Clinton and Iraq
On the Clinton war counterfactual, I think it’s worth distinguishing between a weaker and a stronger version:
- Did Clinton see desposing a secular dictatorship that posed no significant threat to the United States and (in by far the most likely outcome) replacing it with an Islamist quasi-state at a ruinious cost in lives and resources as part of a reasonable range of options for reacting to 9/11? The overwhelming bulk of the evidence suggests that she did, and given this there has to be at least some risk that she would have made a similar blunder. More importantly, seeing the war as even defensible represents a disastrous failure in judgment.
- If Clinton were president, is it likely that she would have chosen that particular course as opposed to other options she thought reasonable? This is unknowable, but my guess is no. At the very least, I don’t think it can be inferred with any certainty from her support from the war after Bush had decided to wage it.
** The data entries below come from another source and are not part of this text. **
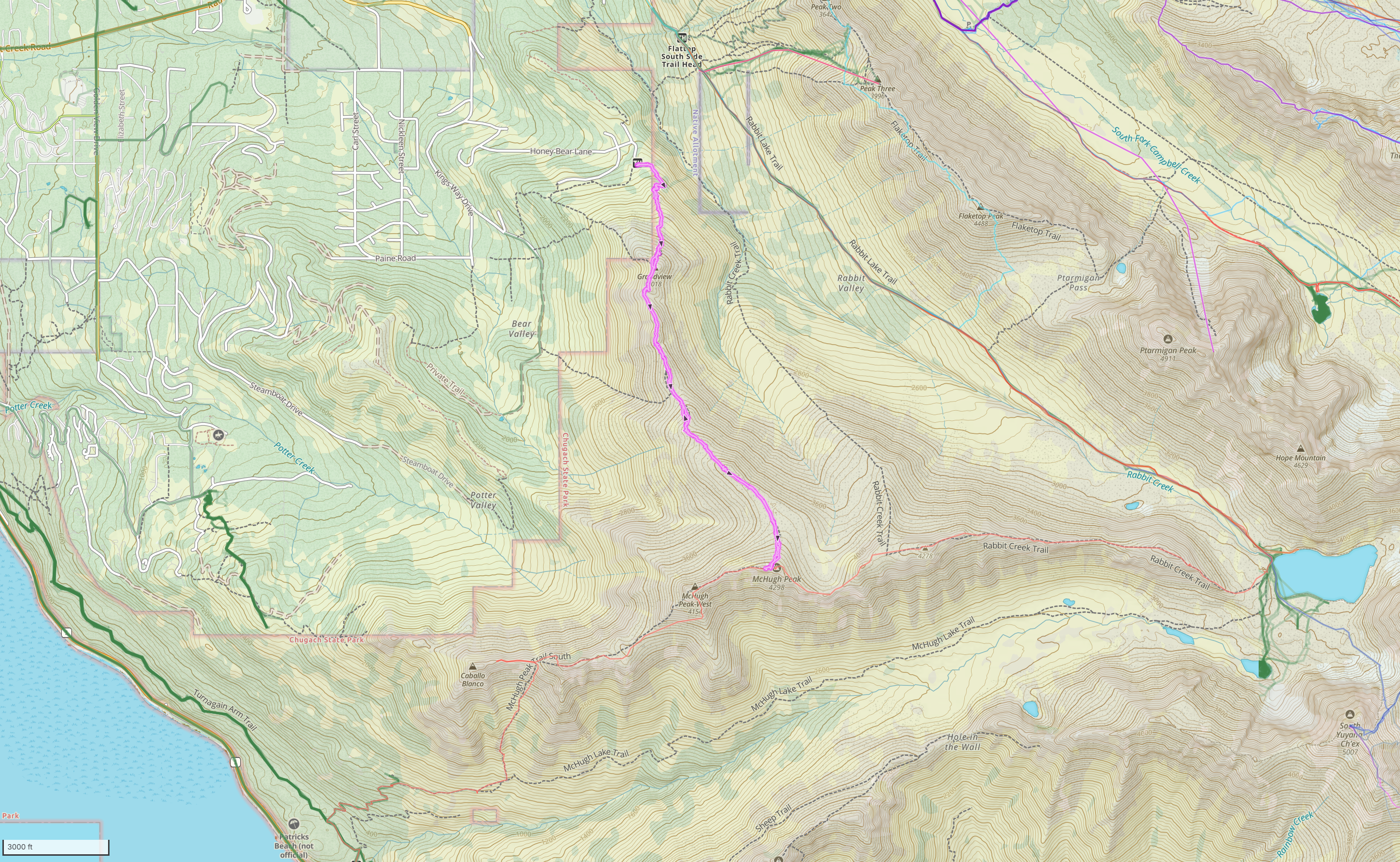 The trail starts off with a climb of ~.8 mile and ~900′ of vertical gain to achieve the point labeled as “Turtle Point” on some maps and “Grandview” on others. Grandview was a fitting name for this day, with an incredible view of the Alaska Range, including Denali, Hunter and Foraker.
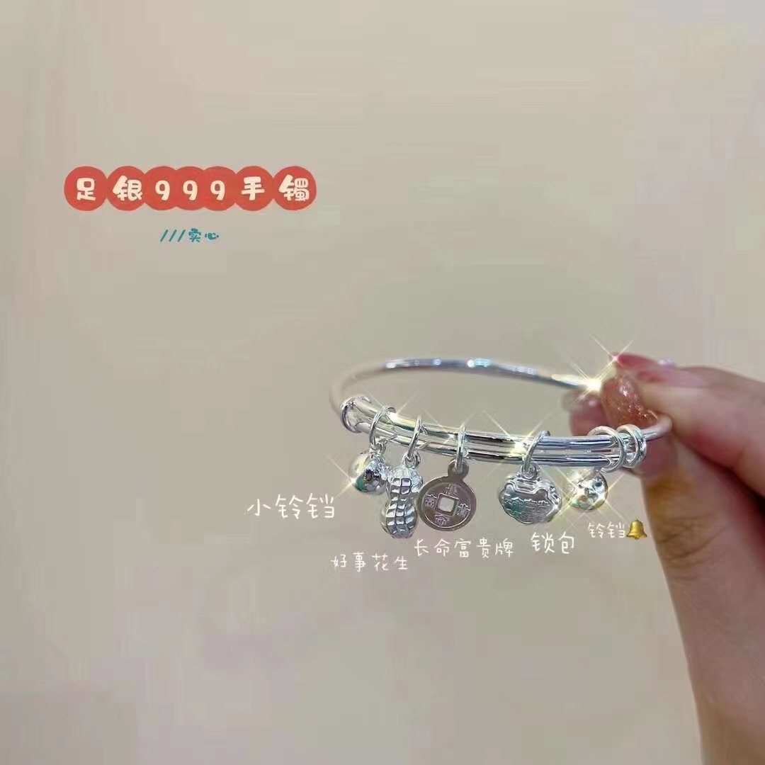 Hong Kong is born pure silver s999 Japan-ROK fashion small crowddesign numismatic peanuts Ruyi lock Five precious bracelet women 100 hitch
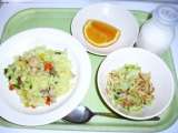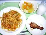 <本日の献立> スパゲッティーナポリタン 牛乳 ローストチキン フルーツポンチ ...
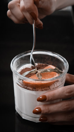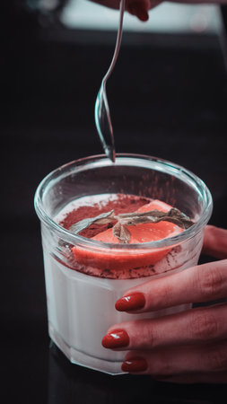 Panna cotta in a glass with fresh strawberries on top, captured in a minimalist style with hard lighting and deep shadows for an artistic touch.
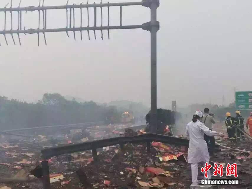據(jù)江西省高速部門10月30日消息,當(dāng)日15:20左右,距離滬昆高速公路分宜互通2公里處發(fā)生油罐車爆炸事件,爆炸導(dǎo)致分宜收費站內(nèi)辦公樓和宿舍大面積玻璃碎裂?,F(xiàn)場圖片顯示,有大量煙花爆竹燃燒痕跡。目前,江西省高速、交警、醫(yī)護(hù)、消防等相關(guān)部門已在現(xiàn)場。事故情況正在進(jìn)一步核實中,傷亡情況未知。(李琴 攝)
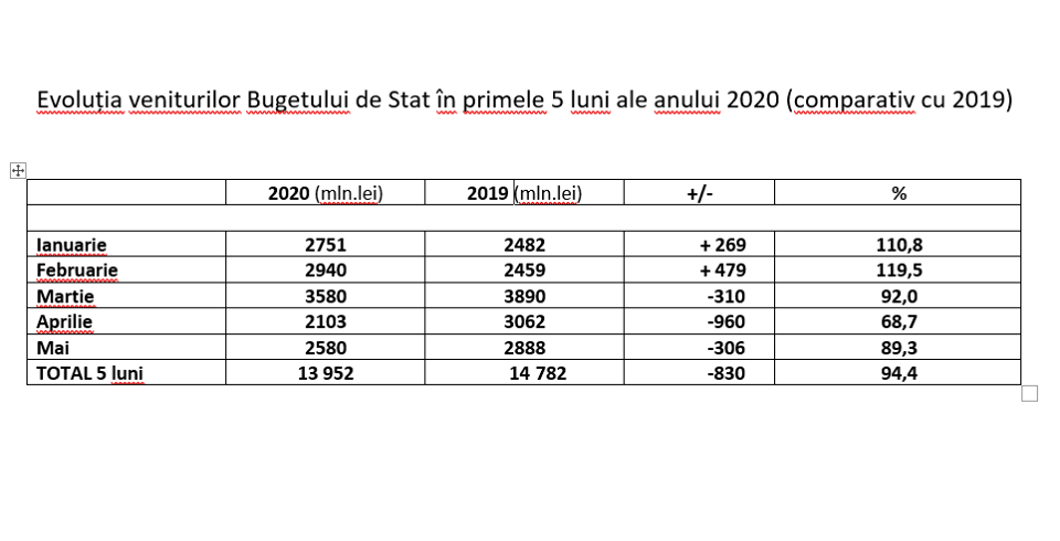 Deoarece pe celelalte componente ale Bugetului Public Național avem o creștere cumulativă a veniturilor cu 430 mln.lei, diferența între veniturile totale acumulate la BPN în primele 5 luni ale anului 2020 față de 2019 este de circa 400 mln.lei.
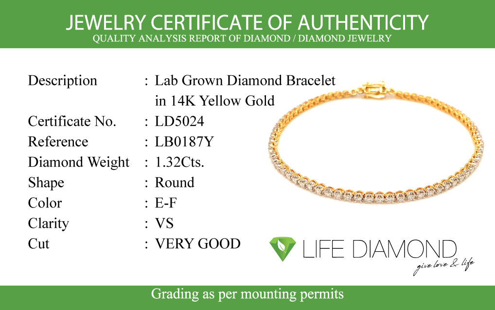 (LD) Pulsera (tennis) con diamantes de laboratorio en oro amarillo 14kt. D-1.32CT
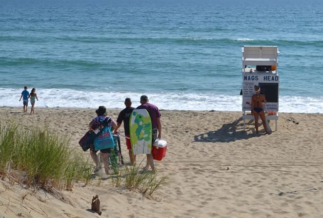 Home » Nags Head Beach Access » Gray Eagle Street Beach Access Nags Head – Milepost 16.5 Parking Spots: 29 Amenities + Details Paved Parking Porta-potty Lifeguard Wooden Walkway Pet Waste Bags This beach access is next to Jennette’s Pier on the north side.
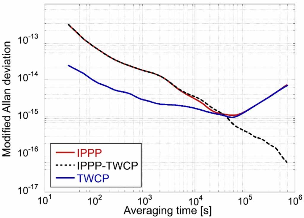 Standard image High-resolution imageTWSTFT, the second intercontinental-capable satellite-based microwave method, typically employs the code-phase of a signal modulated by a pseudorandom noise code sent and received by microwave link via a geostationary telecommunications satellite, at Ku-band frequencies [71]. Improved performance is achieved by the use of Two-Way Carrier-Phase (TWCP), which exploits carrier-phase measurements, with an instability of a few parts in 1016 at one day. Further results [72] indicate that TWCP performs at least as well as IPPP in terms of stability. Figure 2 shows the modified Allan deviation of Code Phase and Carrier Phase TWCP.
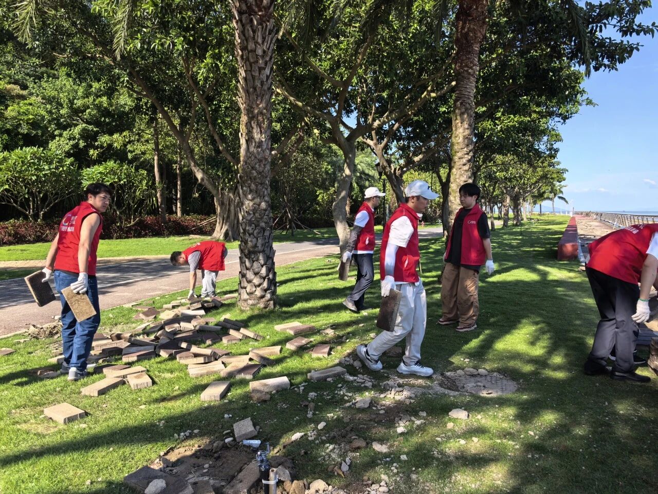 9月26日,台风“桦加沙”过境后的野狸岛公园受损严重。为尽快恢复岛上景观,满足市民游客游览需求,农控集团党委组织青年突击队及粤华公司、晟华公司、食出公司53名青年骨干组成志愿服务队,火速奔赴野狸岛公园,争分夺秒开展抢修工作。
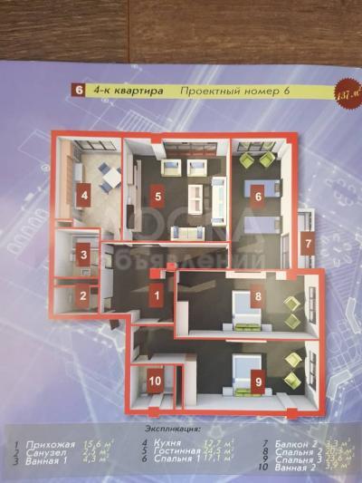 Продаю квартиру 4-ком., 137кв. м., этаж - 9/10, TWIN TOWERS.
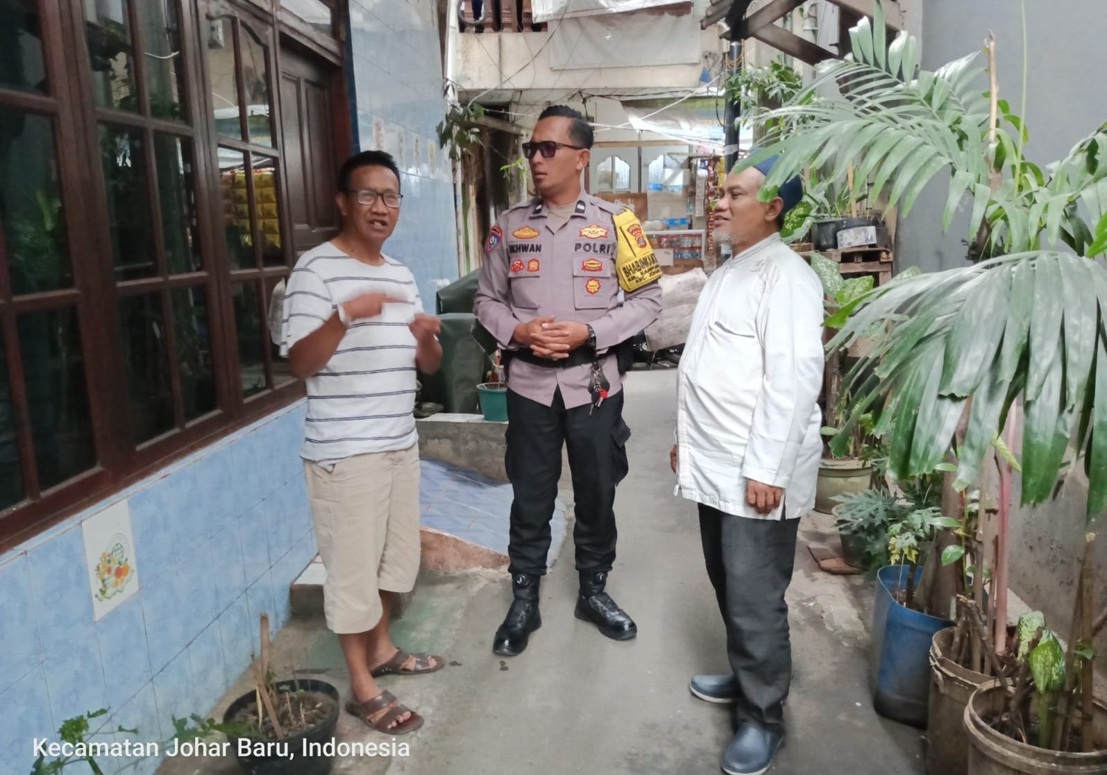 Dalam kegiatan ini, Aipda Ikhwan berdialog dengan Pak Fauzi selaku Ketua RT03 RW03 serta Ustad Aris, membahas kondisi lingkungan dan potensi kerawanan wilayah. Petugas menyampaikan pesan kamtibmas, mengajak masyarakat untuk menjaga keamanan bersama, serta menekankan pentingnya deteksi dini dan pencegahan dini terhadap potensi gangguan.
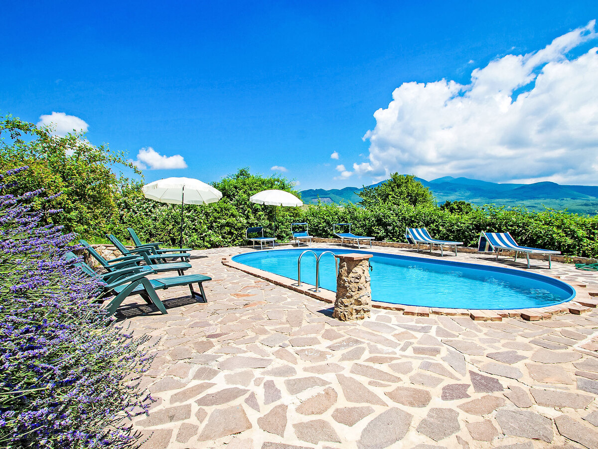 À 7 km du centre d'Arcidosso, situation isolée, ensoleillée, surélevée, dans la verdure.
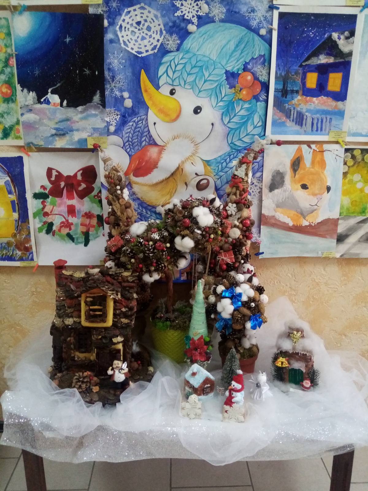 Протягом місяця дітей знайомили з українськими традиціями святкування Різдва та Нового року. Всю свою майстерність вони вклали у власноручні вироби, малюнки. Виготовили різдвяні будиночки, снігові фігури, святкові сувеніри, ялинкові іграшки, які стали складовими композиції. Малюнки представили на виставці.
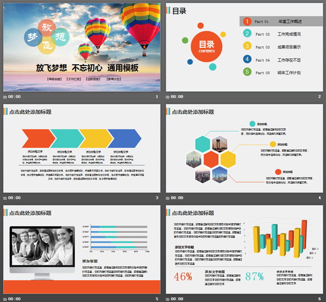 关键词:蓝天白云、热气球、云海幻灯片背景图片,动态工作总结PPT模板,彩色通用幻灯片图表,.PPTX格式;
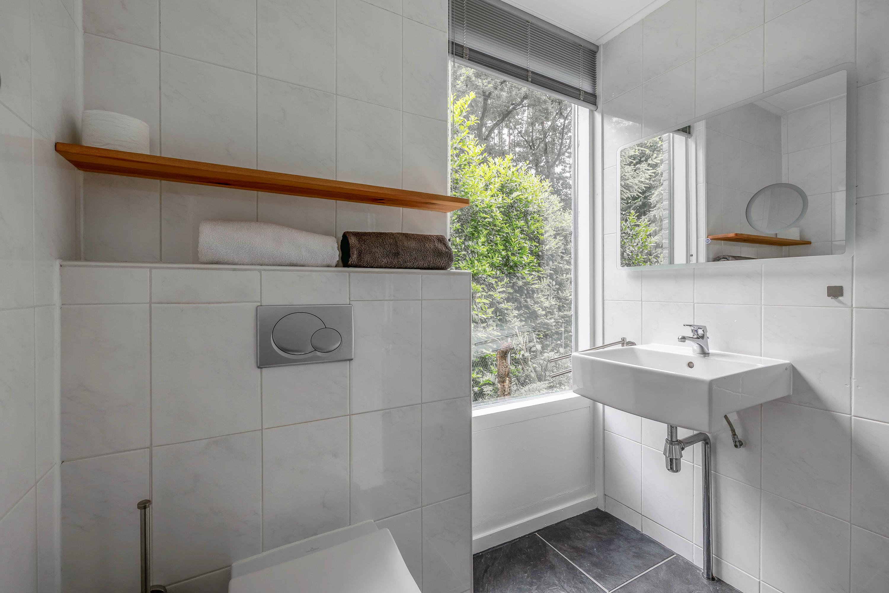 Aansluitend is er de geheel betegelde badkamer. Hier geniet je van een ruime doucheruimte met glasdeur, regendouche met thermostaatkraan, mechanische afzuiging, wastafel met verlichte en verwarmde spiegel en een toilet.
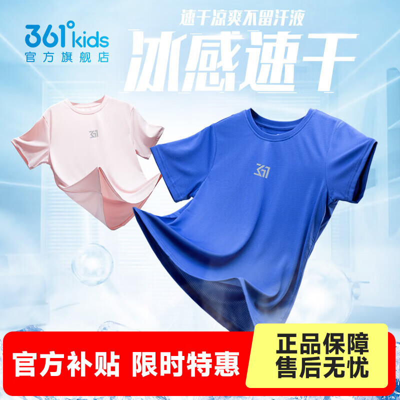 旗舰店361°童装男女童短袖针织衫夏季新款速干透气儿童T恤中大童冰爽t恤 波仕蓝1204 101cm【小童】
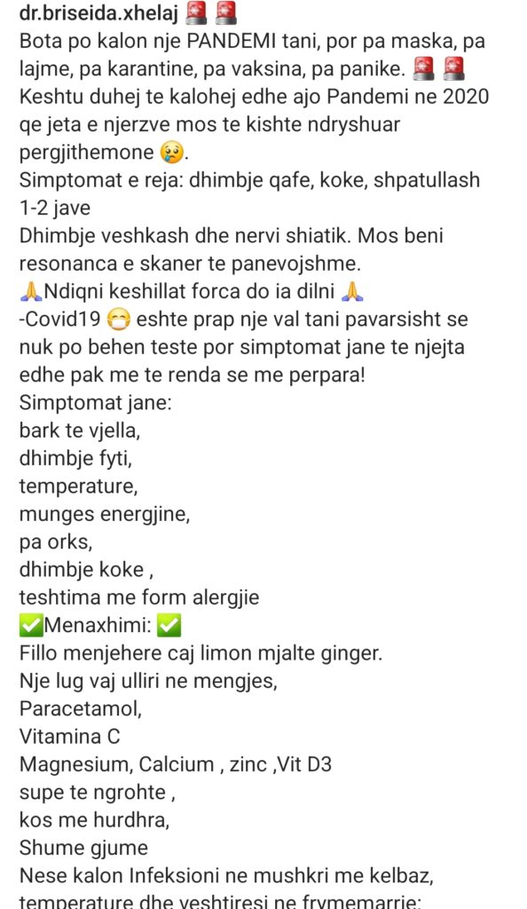 Dr. Briseida Xhelaj përmes një komunikimi ka deklaruar se po kalojmë një Pandemi tjetër Covidi por kësaj here nuk po bëhet bujë dhe panik.
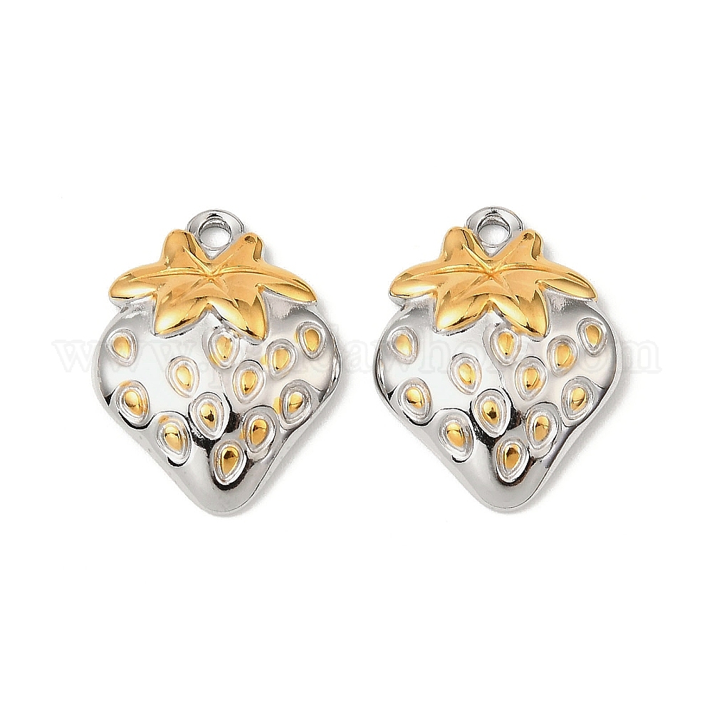 • Золотой & Цвет Нержавеющей Стали 304 подвески из нержавеющей стали, клубника, без свинца и без кадмия, золотые и нержавеющая сталь цвет, 21x16.5x4 мм, отверстие : 1.8 мм
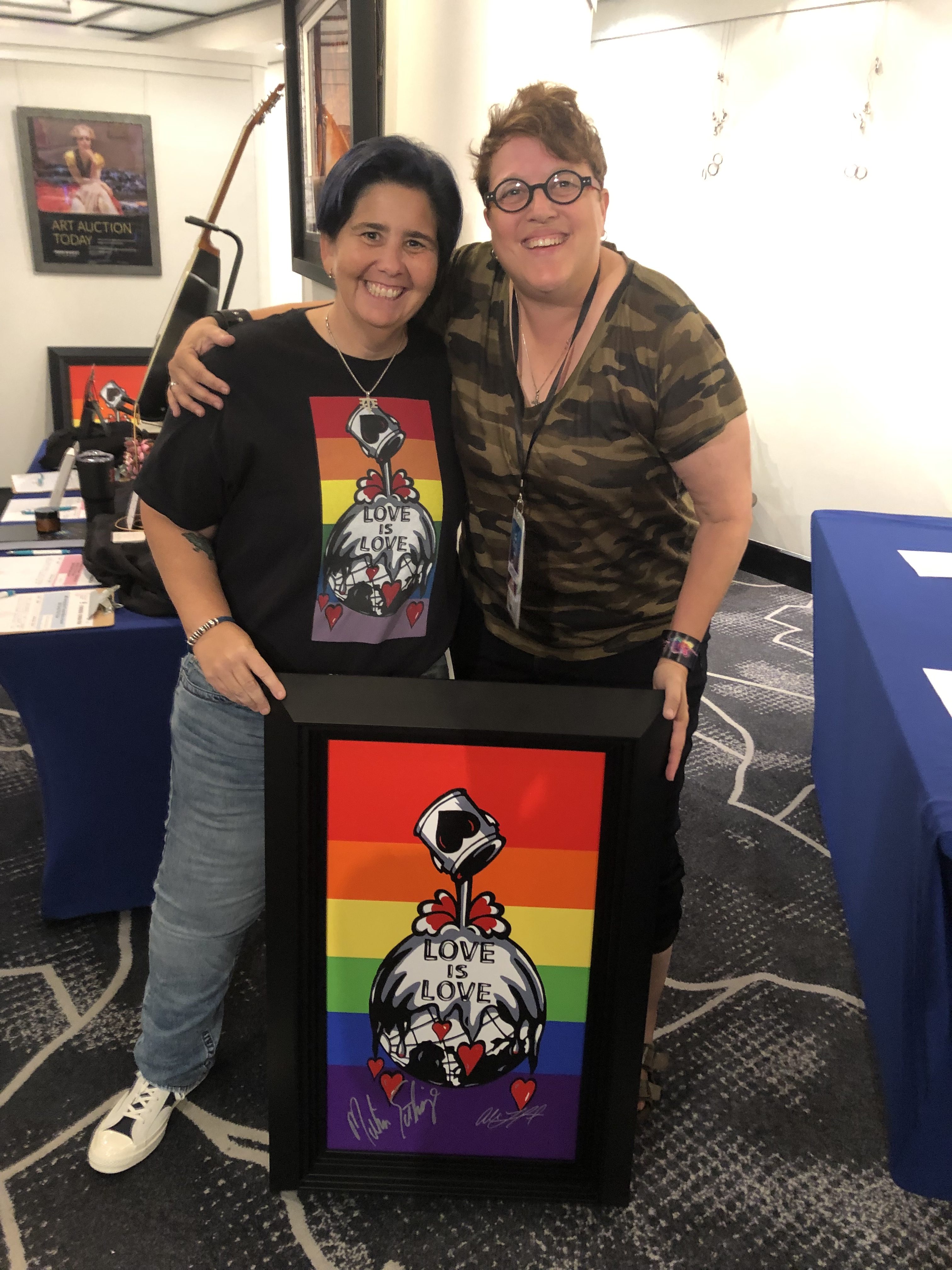 One original work by Lefcort, “Love is Love,” started at an opening bid of $700 and had competitive bidding until the sale price of $8,500! Additional prominent items that sold at the auction were an Etheridge signed guitar for $12,500 and Etheridge’s tour jacket that she wore for $4,500. Other works by Lefcort that sold were “Zebra,” “Giraffe,” “Woodstock” and several prints of “Love is Love.”
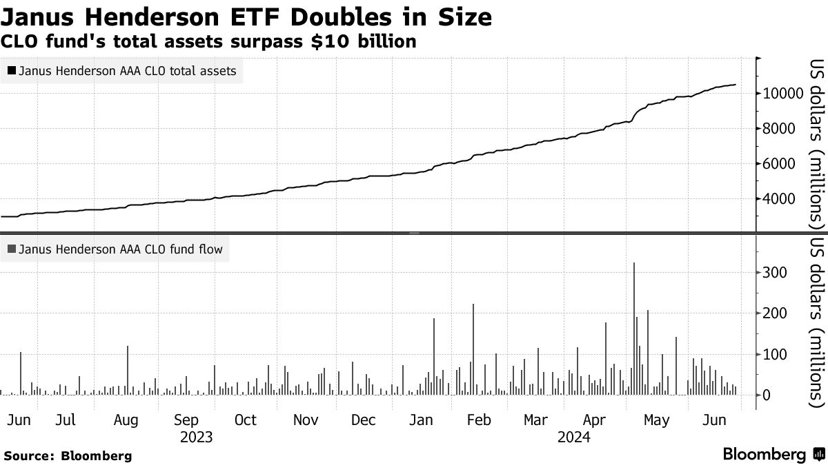 “增长非常迅速,甚至可能比人们预期的还要快,” VanEck Associates Corp. 的产品管理总监 William Sokol 说道。“这是由于一些原因,比如非常有利的市场,对降息预期的重新定价,长期高利率环境。所有这些因素加起来导致了过去几年的强劲表现。”

As Matt says, the third option is that she recognized the stupidity of the war and voted for it for cynical political reasons. Given the extent to which the case for Clinton over Obama rests on her alleged Machiavellian political skills, however, this isn’t much of a defense. Surely any Machiavellian worth her salt would have seen that while it might be politically necessary for a red-state Democrat facing a tough re-election fight in 2002 or even 2004 to back a bad war, it would not be an asset in the 2008 Democratic primary. And this is why I don’t believe that Clinton was actually against the war; the political case only makes any sense if you think the war was a reasonably good risk. And supporting the war doesn’t only hurt her in the primary, but makes her not-very-well-positioned to attack the war party in the general.